Asset allocation is the primary determinant of any portfolio’s risk, or volatility, and return potential, including PERA’s. Asset allocation simply refers to the portion of PERA’s total portfolio that is invested in the five asset classes. The PERA Board of Trustees regularly revisits the strategic asset allocation to determine whether the fund needs to be differently proportioned. A critical part of that work is called an Asset/Liability Study, which evaluates the relationship of the plan’s assets and liabilities, as well as the plan’s risk tolerance.
The Board’s investment consultants, Aon, began the latest Asset/Liability Study in late 2018 and recently provided its findings at the Board Planning Session earlier in September.

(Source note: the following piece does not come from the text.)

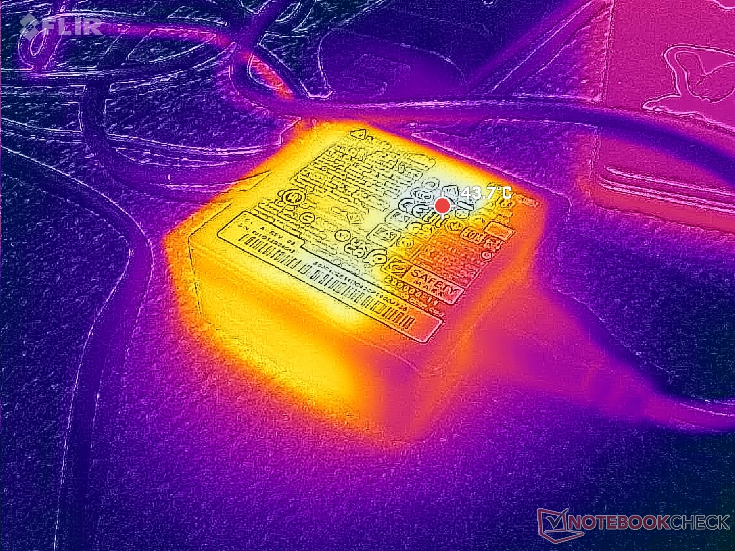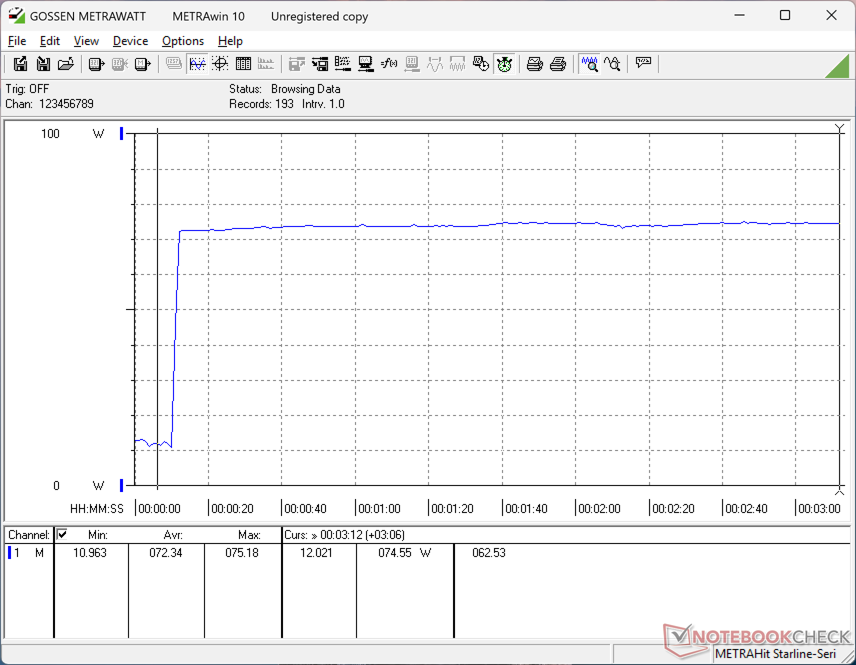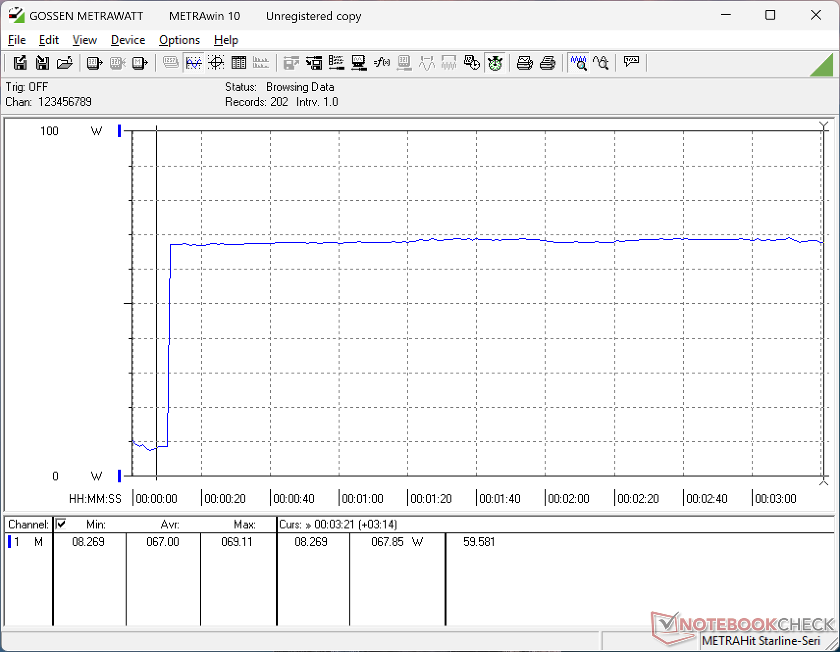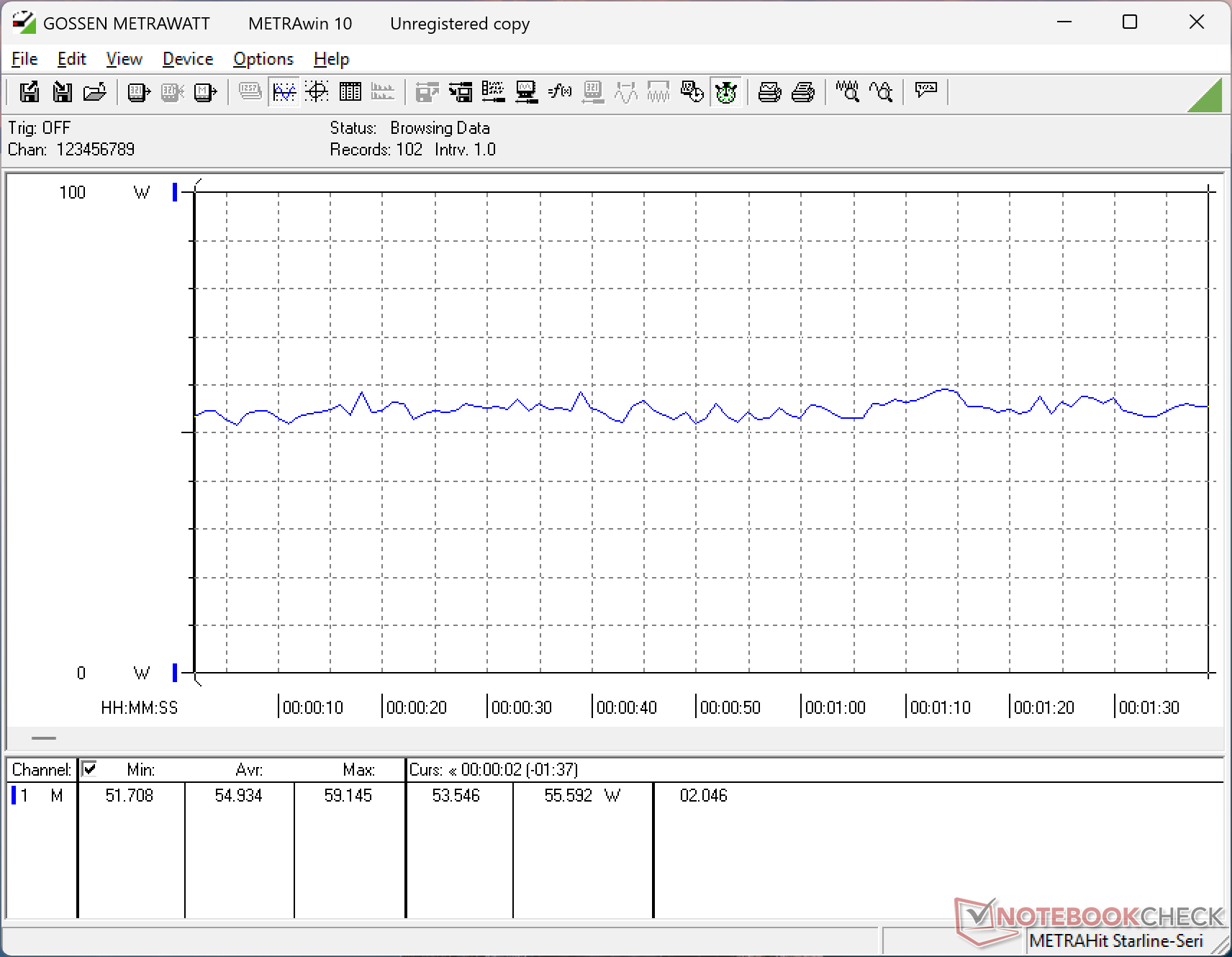 Het totale verbruik is over het algemeen hoger dan dat van veel andere budgetgerichte 16-inch laptops, grotendeels dankzij de snellere Core-H serie CPU. Het uitvoeren van Prime95 zou bijvoorbeeld bijna 70 W vergen, vergeleken met slechts 40 W op de Lunar Lake-V-aangedreven Dell 16 Plus.

The key objective of the Asset/Liability Study is to identify the appropriate risk posture for the portfolio in the context of the liabilities of the portfolio, or the right level of risk for the overall portfolio of assets. Making this determination requires three key decisions: the overall mix between return-seeking and risk-reducing assets; the composition of the return-seeking portfolio; and the composition of the risk-reducing portfolio.
The Board is expected to use the results of the Asset/Liability Study, the timing of projected cash outflows, and overall risk tolerance of the fund in order to determine a strategic asset allocation later this fall.

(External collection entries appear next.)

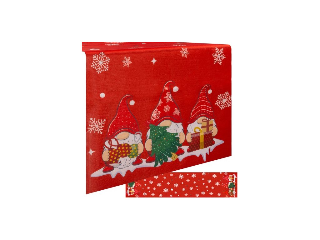VÁNOČNÍ BĚHOUN NA STŮL, ČERVENÝ S TRPASLÍKY, 180 x 40 cm
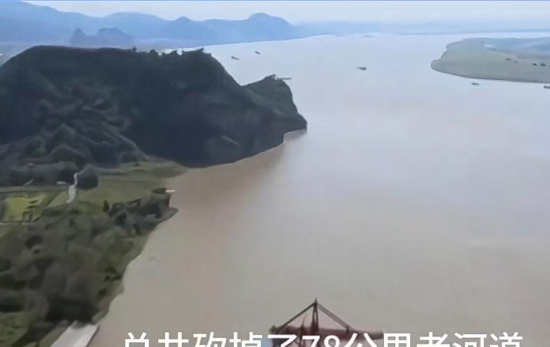 长江被砍掉78公里? 河道由弯改直,旧河道现在叫老江河,算是个水库。那是一个D字型的大弯,直的那个“l”型是现在的长江河道,弯的“C”型是老江河。 78公里河道形成双道合流。建个坝成为了天然的养殖鱼河道,养殖出来的大量鱼。长江截弯取直后,就成了长江故道,但和长江还是相连的,又不跑航运,鱼很喜欢这个地方,长江边很多渔民,夏天捕鱼,一般9个人两条船,一条船放渔网,要是运气好碰到鱼群,一晚上能搞一万斤,一块钱一斤,人均一千,这是极限,通常人均一晚几十块甚至几块。后来禁渔后,还放了6对江豚在那里养着。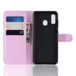 Samsung Galaxy A20e flipcover med kortholder i litchi læder – Lyserød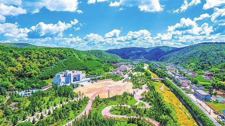蓝天白云下的南梁红色小镇。(刘永刚)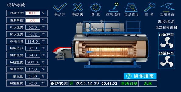安装后不必由质量技术监督行政部门锅炉压力容器安全监察机构进行确认,也不必办理使用登记注册手续;安装位置可在地下室、楼顶等场所。 | 标配PLC控制系统和5.7寸触摸屏人机界面,实时动态显示锅炉运行画面和相关参数,直观便捷;触摸屏直接显示炉内热媒水温度、真空度、换热器进出口水温等众多运行参数、故障记录和运行曲线等,使操作变得简便和严谨。 | ||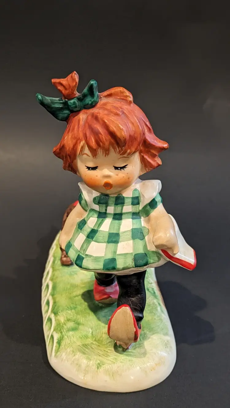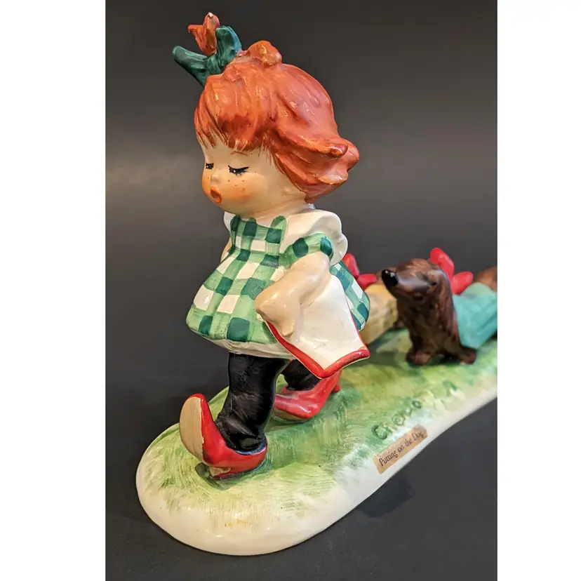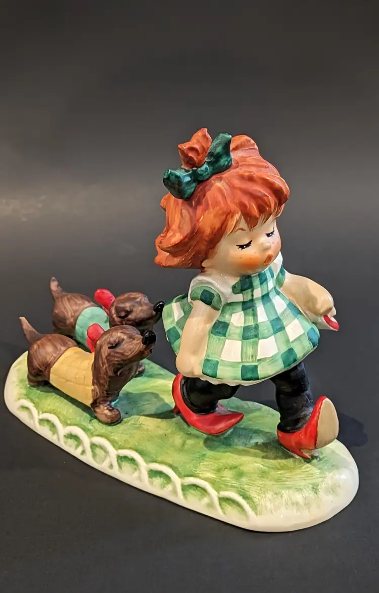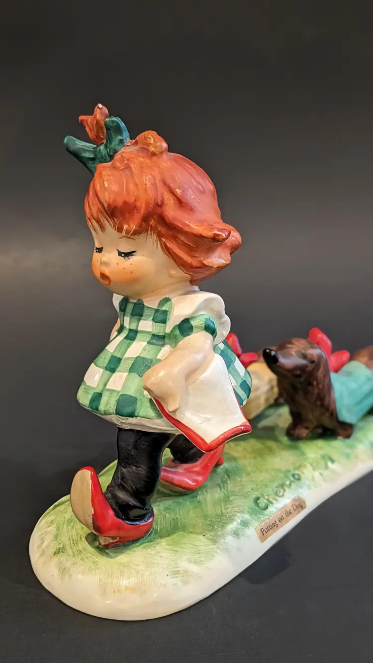 4.25" tall x 5.75" long x 2.25" wide, She is adorable with lots of attitude, The only condition issue would be the top of the red bow on the yellow dog has a professional repair, totally note noticeable, overall this piece is in amazing condition, the paint is good! She has all of her provenance including the paper sticker label that says Putting on the dogs which adds to the value of the piece. Cute!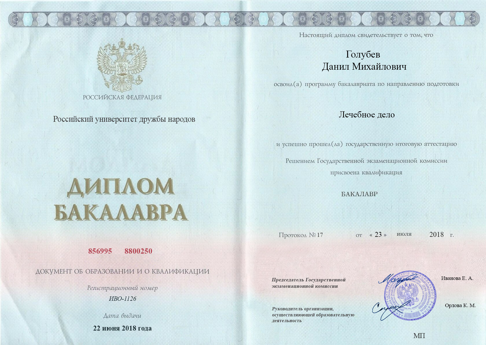 Диплом специалиста Голубева Данила Михайловича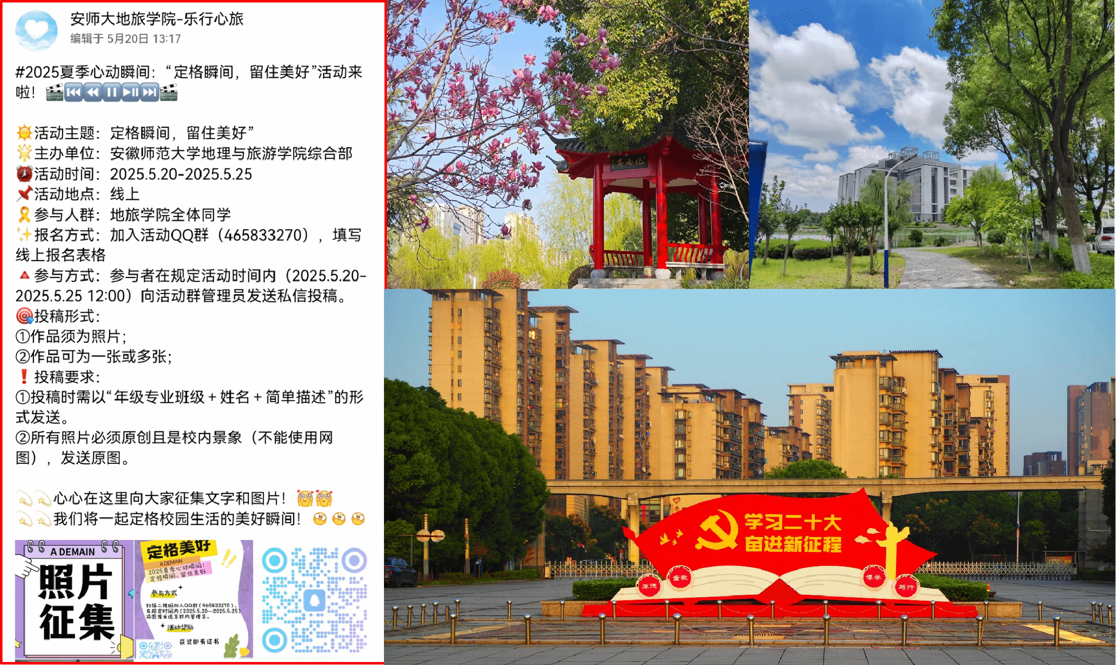 定格美好,拓展心理健康教育载体。为培养同学们学会发现美、善于欣赏美、主动创造美,引领同学们热爱美好、热爱生活,通过定格生活中的美好瞬间,唤起对生活的热爱与感恩,传递积极向上的生活态度和对美好的追求。足探比分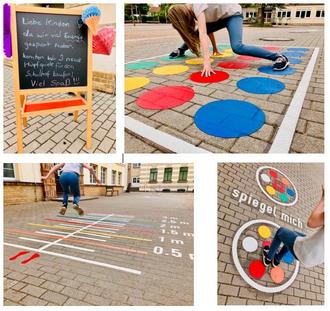 Die Schüler haben einen großen Anteil an diesem Erfolg. Als Dankeschön für die Mithilfe haben wir über die Firma Prefatherm bunte Hüpf- und Bewegungsspiele auf dem Schulhof aufbringen lassen. Ab sofort können 3 neue Spiele im Bereich vor der Turnhalle ausprobiert werden: „Twister“, „Spiegel mich“, und „Standsprung“.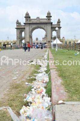 Photo Caption : Garbage lying in front of Mysuru Palace after Dasara festivities, in Mysuru on Sunday 1st October 2017

[PERA’s current asset allocation policy can be seen here.]
Reevaluating its strategic asset allocation every three to five years, as PERA does, is a best practice for institutional investors and a cornerstone of prudent governance of a pension plan. The updated asset allocation policy will provide guidance on the most appropriate mix of assets to be held in the PERA Trust Funds in order to meet the future financial needs of the plan for the sole benefit of its members and retirees.
Also included in the Asset/Liability Study is information about key assumptions and possible alternative portfolio compositions:
- Long-term capital market expectations for a variety of asset classes are used to model different asset allocations based on Aon’s expectations. Since PERA is a long-term investor, it relies on long-term assumptions about how the capital markets will perform and economic environments will shift.
- Risk and performance expectations with different asset allocations. Aon’s analysis looked at a range of combinations of different asset classes in a variety of weights, including global equity, fixed income, private equity, real estate, private debt as well as asset mixes designed to mitigate risk. Aon generally favors careful diversification into a broad set of asset classes with attractive risk and return properties to improve portfolio efficiency, and its specific analysis for PERA has been customized to reflect PERA’s particular needs and circumstances.
Additional information from the presentation of Aon to the Board at its September Planning Session can be found here.
As the Board continues the process of refining the analysis of the Asset/Liability Study and developing its updated strategic asset allocation, PERA on the Issues will continue to provide new information on the Board’s conclusions.